Problem statement —
No pictures belong in the copy. Restate the rest of the data exactly.

Supplied information —
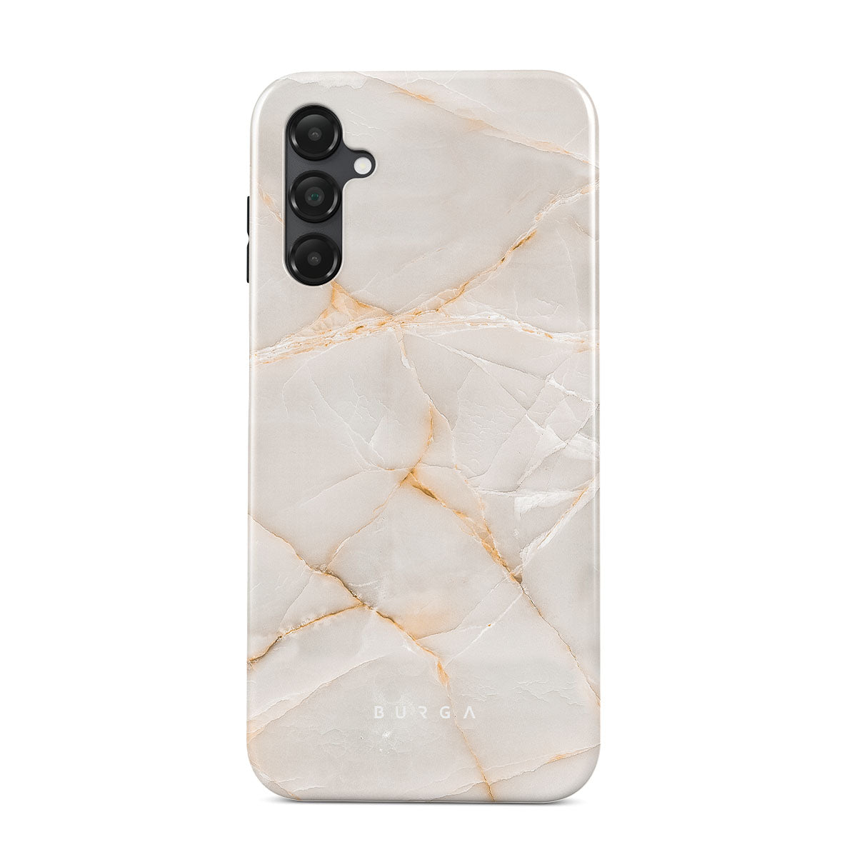 The Vanilla Sand Marble Samsung Galaxy A14 5G phone case cover features a marble design with creamy canvas showcasing beautiful golden hues. The soft-toned case will add a touch of luxury to the device while protecting it from dangerous falls.
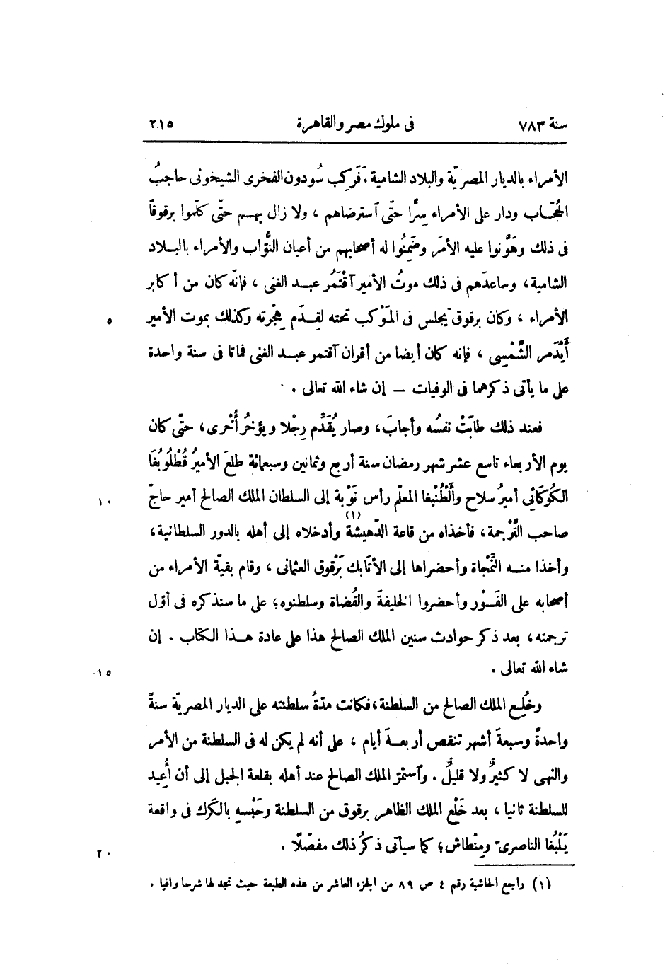 الأمراء بالديار المصريّة والبلاد الشامية. فركب سودون الفخرى الشيخونى حاجب الحجّاب ودار على الأمراء سرّا حتّى استرضاهم، ولا زال بهم حتّى كلّموا برقوقا فى ذلك وهوّنوا عليه الأمر وضمنوا له أصحابهم من أعيان النّوّاب والأمراء بالبلاد الشامية، وساعدهم في ذلك موت الأمير آقتمر عبد الغنى، فإنّه كان من أكابر الأمراء، وكان برقوق يجلس في الموكب تحته لقدم هجرته وكذلك بموت الأمير أيدمر الشّمسى، فإنه كان أيضا من أقران آقتمر عبد الغنى، فماتا في سنة واحدة على ما يأتى ذكرهما في الوفيات- إن شاء الله تعالى.
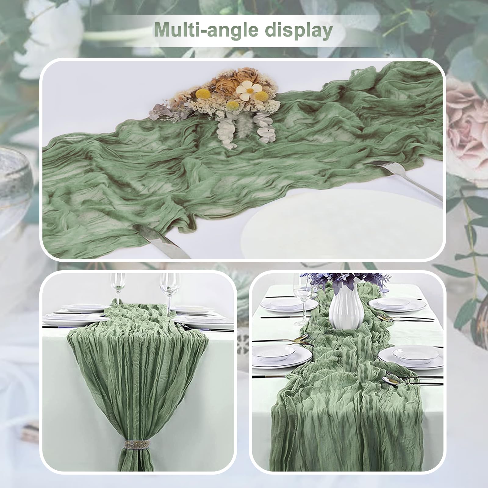 10 Pack Sage Green Cheesecloth Table Runner 35x120 Inch 10Ft Rustic Gauze Cheese Cloth Table Runner Sheer Cheesecloth Table Runners for Wedding Party Bridal Shower Decoration

Response box —
 The Vanilla Sand Marble Samsung Galaxy A14 5G phone case cover features a marble design with creamy canvas showcasing beautiful golden hues. The soft-toned case will add a touch of luxury to the device while protecting it from dangerous falls.
 الأمراء بالديار المصريّة والبلاد الشامية. فركب سودون الفخرى الشيخونى حاجب الحجّاب ودار على الأمراء سرّا حتّى استرضاهم، ولا زال بهم حتّى كلّموا برقوقا فى ذلك وهوّنوا عليه الأمر وضمنوا له أصحابهم من أعيان النّوّاب والأمراء بالبلاد الشامية، وساعدهم في ذلك موت الأمير آقتمر عبد الغنى، فإنّه كان من أكابر الأمراء، وكان برقوق يجلس في الموكب تحته لقدم هجرته وكذلك بموت الأمير أيدمر الشّمسى، فإنه كان أيضا من أقران آقتمر عبد الغنى، فماتا في سنة واحدة على ما يأتى ذكرهما في الوفيات- إن شاء الله تعالى.
 10 Pack Sage Green Cheesecloth Table Runner 35x120 Inch 10Ft Rustic Gauze Cheese Cloth Table Runner Sheer Cheesecloth Table Runners for Wedding Party Bridal Shower Decoration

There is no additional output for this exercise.